In this case it's very explicit - an individual who is seeking out an AI chatbot for a romantic relationship probably would significantly benefit from conforming more to social norms rather than just giving up entirely and going off the deep end.


Fetishes are powered by disgust (because our brains are dynamically typed apparently) so there is nothing that “universally induces disgust”.

If someone loves Jesus, an imaginary stuffed animal, or a volleyball named Wilson and they get a sense of fulfillment or connection from it, then good for them. Life is short and fundamentally meaningless so anything that reduces suffering and increases enjoyment should be celebrated.


Some people just see a market to compete in and get rich. Whether or not it is a net benefit to society just doesn’t factor into their decisions. And the world is big enough that even if 99% of society won’t go through building that product, someone will.


Or they see a vulnerable demographic of lonely people that are easily exploited by some fairly low-hanging LLM "companionship" as a service.


Most won't frame it to themselves in an unethical way, they will see a true capability of companionship as a service to help those in need, which will be the more motivational driver for getting a product off the ground. It's the same as cereal companies framing their product as full of fruit and nutrients, when those products are anything but.

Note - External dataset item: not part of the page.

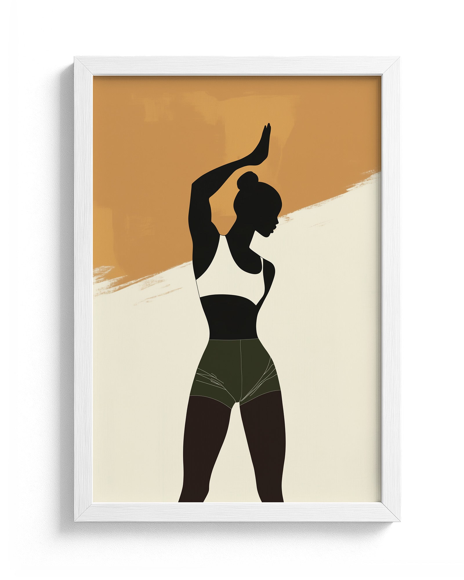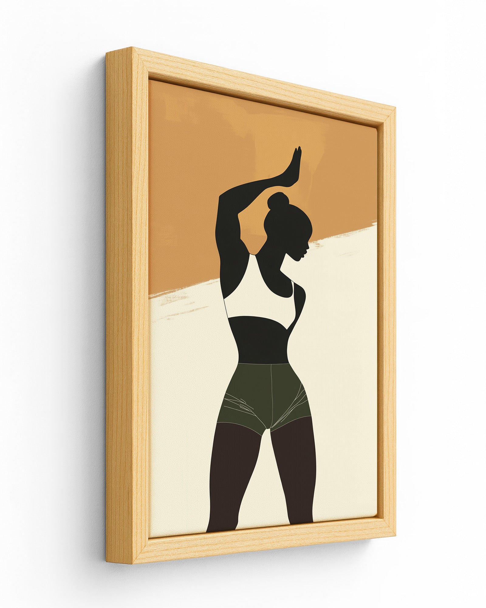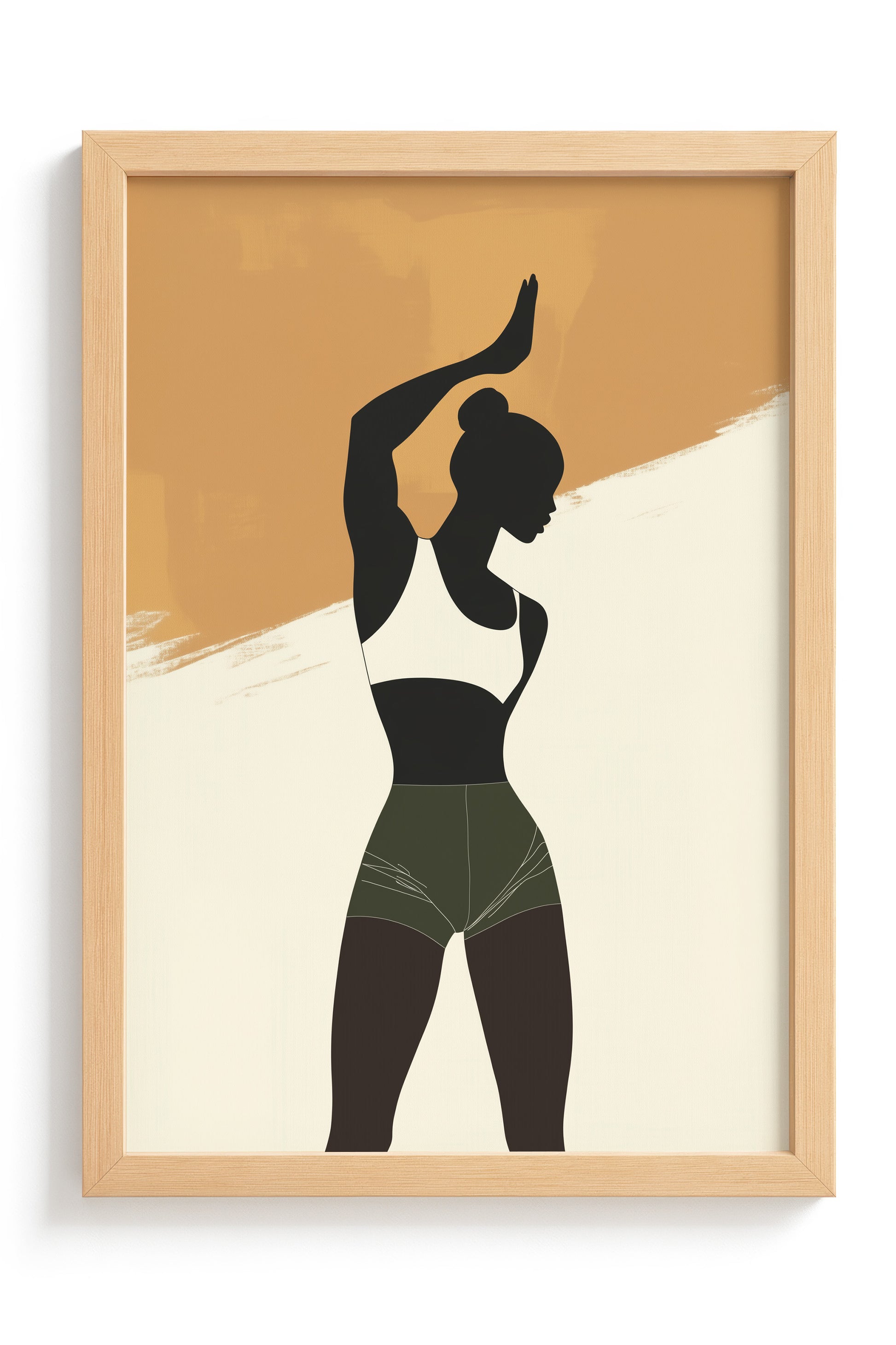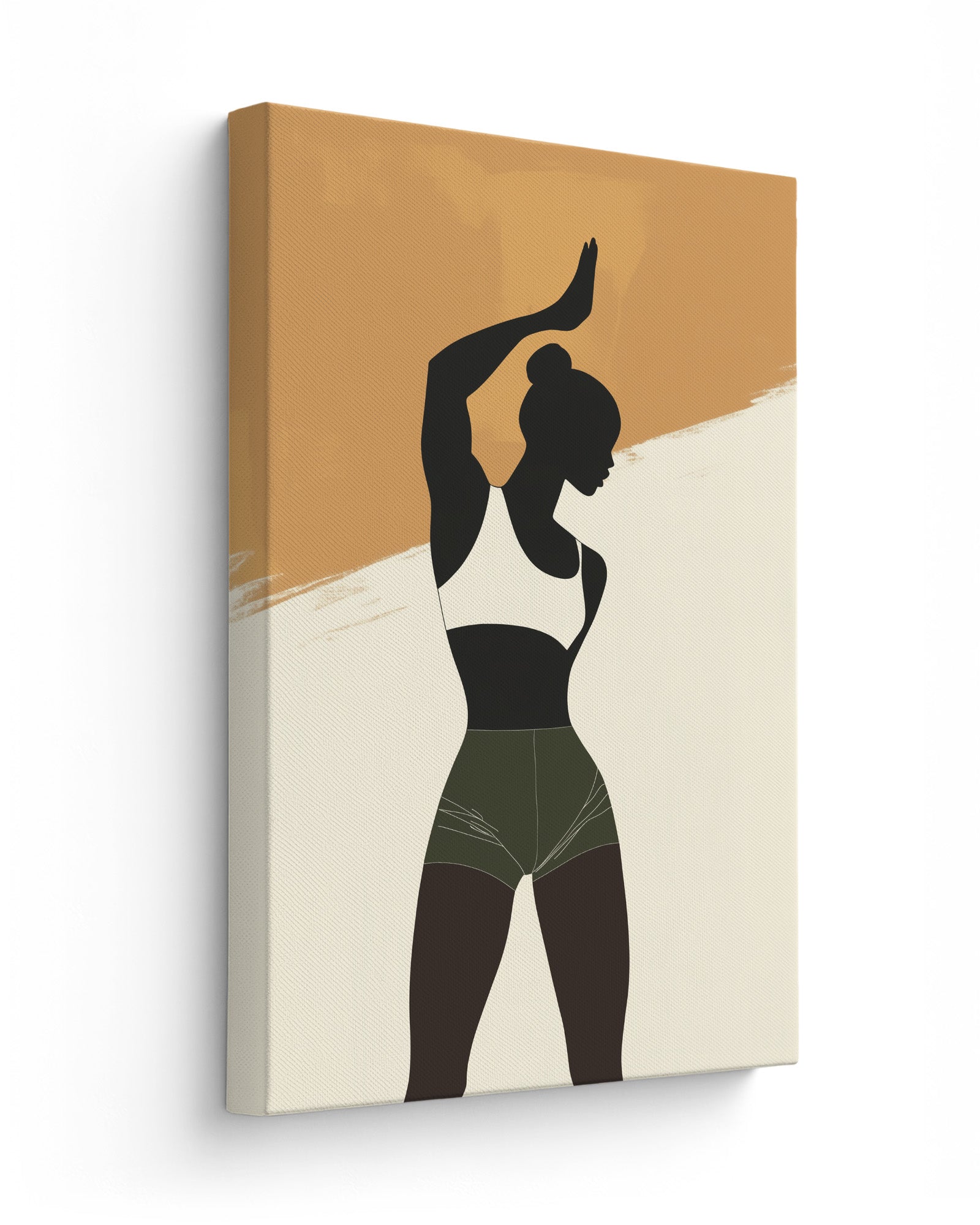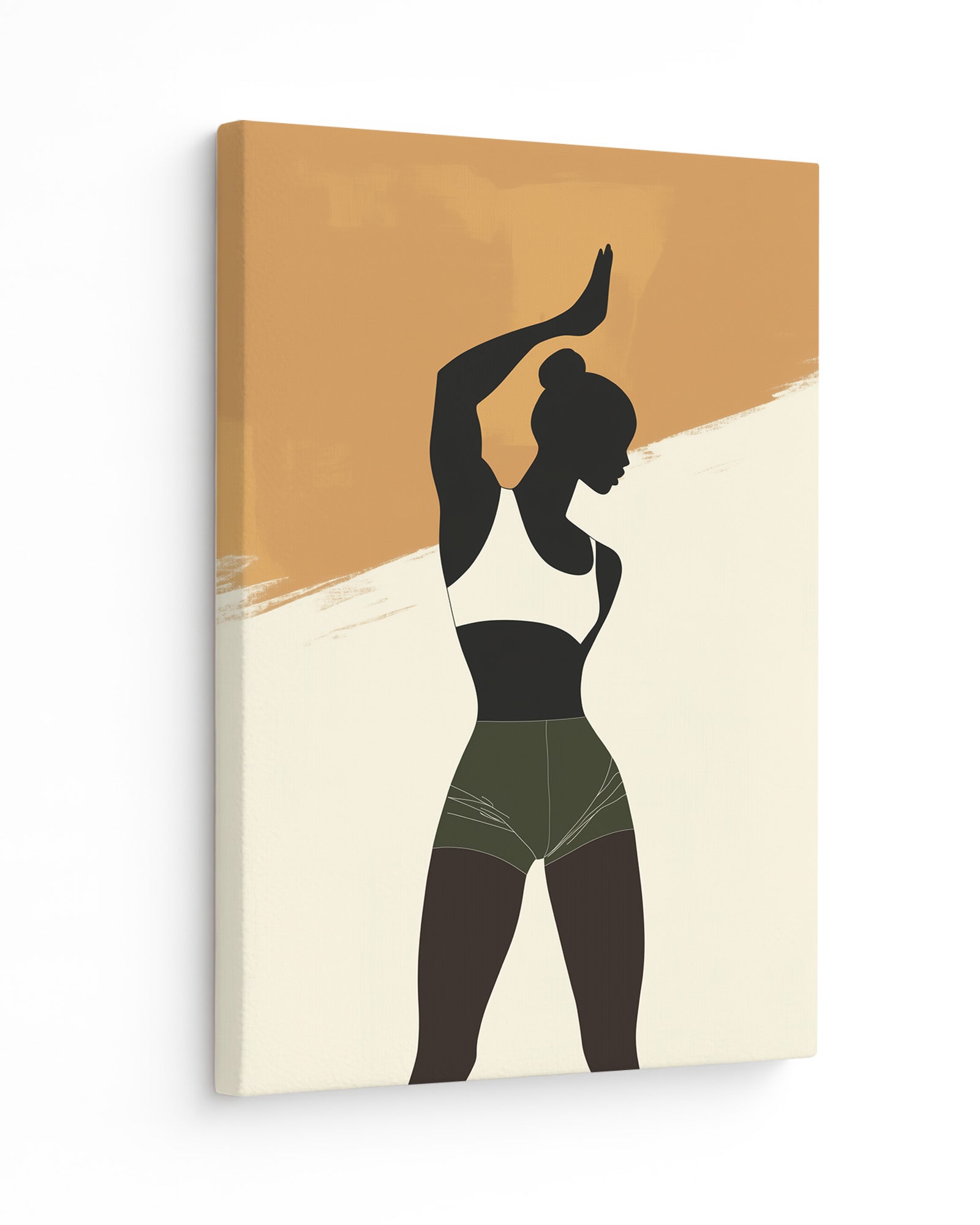 This striking modern painting captures the grace and power of a woman practicing yoga against a vibrant yellow background. Dressed in green athletic wear, she demonstrates extraordinary flexibility with one leg arched, embodying strength, balance, and spiritual connection.
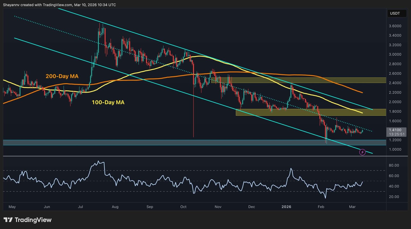 On the XRP/USDT chart, the asset is still moving inside a broad descending channel, which keeps the daily structure bearish. XRP is trading around $1.41 and remains below both the 100-day and 200-day moving averages, while the dotted trendline and the $1.80 zone continue to cap rebounds.

This problem is summed up very simply.

Regulation generally emerges due to documented problems/incidents that have happened due to a lack of regulation prior because a significant number of people need protecting from themselves.

Regulation also takes time, meanwhile businesses stomp the phantom accelerator on monetizing the lack of regulation.

Regulation is generally a safety measure. Yes, it can be counterproductive and counterintuitive, but regulation doesn't have to be a negative thing, and is frequently there to protect people from themselves.

The proposal of taking away encryption or adding backdoors to everything? Stupid. But not all regulations are bad. I think LLMs are something that absolutely do need regulation on so many levels.


Disgust is not a rational reason to dislike things.


Why do you think humans have developed a disgust reaction?


The same reason they developed any of the other reactions that go into System 1 thinking. It's not rational, it's just mostly useful in some niche that modern humans might not even be occupying anymore.


Emotions are irrational shortcuts for when rapid response is critical.


People have always had the ability to just choose pleasure over physical, financial, or mental health. It's why going to the bar at 10AM and alcoholism are millennia old, why prostitution is one of the oldest jobs in capitalist societies, etc.

We just have a tremendous amount of variety and options now.


You don't need capitalism to sell sex. Prostitution is waaaay older than that.